If you want to supply your own instruction prompt instead of the built-in

summary helper, call `dtlv_llama_generate` directly.

### Vision / OCR API

The vision API is aimed at multimodal GGUF models with a matching projector

GGUF, such as `PaddleOCR-VL-1.5-GGUF`.

| Function | Description |

|---|---|

| `dtlv_llama_vision_generator_create` | Load a multimodal text GGUF and matching `mmproj` GGUF |

| `dtlv_llama_vision_generator_n_ctx` | Return the context size |

| `dtlv_llama_vision_generate` | Generate text for a single image plus prompt |

| `dtlv_llama_ocr` | Run OCR with the built-in `OCR:` prompt |

| `dtlv_llama_vision_generator_destroy` | Free the vision generator |

`dtlv_llama_vision_generator_create` takes `model_path`, `mmproj_path`,

`n_ctx`, `n_batch`, `n_threads`, `image_min_tokens`, and `image_max_tokens`.

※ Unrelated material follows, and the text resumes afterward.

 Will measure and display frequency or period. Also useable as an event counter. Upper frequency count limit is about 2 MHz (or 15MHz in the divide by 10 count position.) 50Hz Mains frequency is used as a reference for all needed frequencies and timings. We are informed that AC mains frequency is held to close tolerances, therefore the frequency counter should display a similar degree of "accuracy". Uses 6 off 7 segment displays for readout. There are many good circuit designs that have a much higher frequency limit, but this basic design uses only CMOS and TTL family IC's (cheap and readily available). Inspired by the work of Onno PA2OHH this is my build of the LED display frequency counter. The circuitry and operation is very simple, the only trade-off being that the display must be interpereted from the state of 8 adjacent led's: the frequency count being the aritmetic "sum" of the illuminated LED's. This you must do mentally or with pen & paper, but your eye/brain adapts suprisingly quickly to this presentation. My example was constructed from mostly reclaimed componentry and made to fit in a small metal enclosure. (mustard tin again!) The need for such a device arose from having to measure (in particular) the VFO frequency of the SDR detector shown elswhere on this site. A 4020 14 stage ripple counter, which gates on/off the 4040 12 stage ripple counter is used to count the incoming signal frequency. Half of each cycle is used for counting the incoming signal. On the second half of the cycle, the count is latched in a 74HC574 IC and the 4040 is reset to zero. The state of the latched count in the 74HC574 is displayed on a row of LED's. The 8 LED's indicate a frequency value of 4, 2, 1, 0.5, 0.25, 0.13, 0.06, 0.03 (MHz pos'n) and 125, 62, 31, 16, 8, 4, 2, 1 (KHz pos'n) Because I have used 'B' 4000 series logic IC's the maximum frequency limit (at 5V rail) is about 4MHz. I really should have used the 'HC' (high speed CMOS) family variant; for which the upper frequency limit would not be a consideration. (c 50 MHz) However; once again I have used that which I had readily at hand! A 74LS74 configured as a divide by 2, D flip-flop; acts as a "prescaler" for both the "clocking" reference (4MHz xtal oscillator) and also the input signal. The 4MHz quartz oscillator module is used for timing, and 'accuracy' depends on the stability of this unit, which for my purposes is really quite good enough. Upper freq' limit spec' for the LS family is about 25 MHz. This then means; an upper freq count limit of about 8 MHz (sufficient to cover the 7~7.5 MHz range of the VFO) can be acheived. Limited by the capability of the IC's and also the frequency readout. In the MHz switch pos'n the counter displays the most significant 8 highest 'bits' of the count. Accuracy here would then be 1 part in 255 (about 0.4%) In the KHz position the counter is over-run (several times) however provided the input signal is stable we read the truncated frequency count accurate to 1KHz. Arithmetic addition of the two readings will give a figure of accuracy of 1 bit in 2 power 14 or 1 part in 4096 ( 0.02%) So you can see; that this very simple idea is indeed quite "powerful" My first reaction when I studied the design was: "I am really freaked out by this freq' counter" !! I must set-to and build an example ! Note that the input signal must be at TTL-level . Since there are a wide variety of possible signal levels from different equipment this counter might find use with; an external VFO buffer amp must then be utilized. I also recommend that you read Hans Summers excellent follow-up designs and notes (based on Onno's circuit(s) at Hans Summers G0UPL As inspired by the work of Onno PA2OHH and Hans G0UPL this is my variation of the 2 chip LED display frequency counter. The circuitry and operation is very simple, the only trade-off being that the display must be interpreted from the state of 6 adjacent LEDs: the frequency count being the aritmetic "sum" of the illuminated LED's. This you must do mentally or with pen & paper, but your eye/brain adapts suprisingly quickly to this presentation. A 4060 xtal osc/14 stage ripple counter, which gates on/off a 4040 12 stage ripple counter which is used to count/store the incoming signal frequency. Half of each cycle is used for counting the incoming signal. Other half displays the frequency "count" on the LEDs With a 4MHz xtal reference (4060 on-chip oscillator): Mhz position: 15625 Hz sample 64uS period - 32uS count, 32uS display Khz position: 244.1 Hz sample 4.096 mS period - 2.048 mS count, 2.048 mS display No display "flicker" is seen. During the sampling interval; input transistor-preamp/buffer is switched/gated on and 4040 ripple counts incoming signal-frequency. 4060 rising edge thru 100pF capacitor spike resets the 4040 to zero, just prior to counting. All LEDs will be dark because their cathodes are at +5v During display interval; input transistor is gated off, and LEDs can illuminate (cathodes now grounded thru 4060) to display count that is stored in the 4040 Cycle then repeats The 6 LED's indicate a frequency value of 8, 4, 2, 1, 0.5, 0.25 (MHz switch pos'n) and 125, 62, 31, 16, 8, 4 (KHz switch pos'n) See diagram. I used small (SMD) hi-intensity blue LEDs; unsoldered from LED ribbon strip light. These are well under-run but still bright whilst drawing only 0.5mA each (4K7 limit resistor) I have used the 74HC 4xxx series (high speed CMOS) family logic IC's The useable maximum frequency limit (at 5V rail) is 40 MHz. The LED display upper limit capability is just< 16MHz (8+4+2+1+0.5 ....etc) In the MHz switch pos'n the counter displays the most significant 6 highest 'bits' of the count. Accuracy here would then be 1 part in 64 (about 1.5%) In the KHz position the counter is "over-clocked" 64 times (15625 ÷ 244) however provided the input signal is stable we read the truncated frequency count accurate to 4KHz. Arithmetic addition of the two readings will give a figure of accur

Pass `0` for the numeric tuning parameters to keep the model defaults. The

runtime is CPU-only in this package.

`dtlv_llama_vision_generate` and `dtlv_llama_ocr` return the number of UTF-8

bytes written to the caller-owned output buffer. The image prompt is single

image only. If the prompt passed to `dtlv_llama_vision_generate` does not

contain the multimodal marker, the native layer prepends it automatically.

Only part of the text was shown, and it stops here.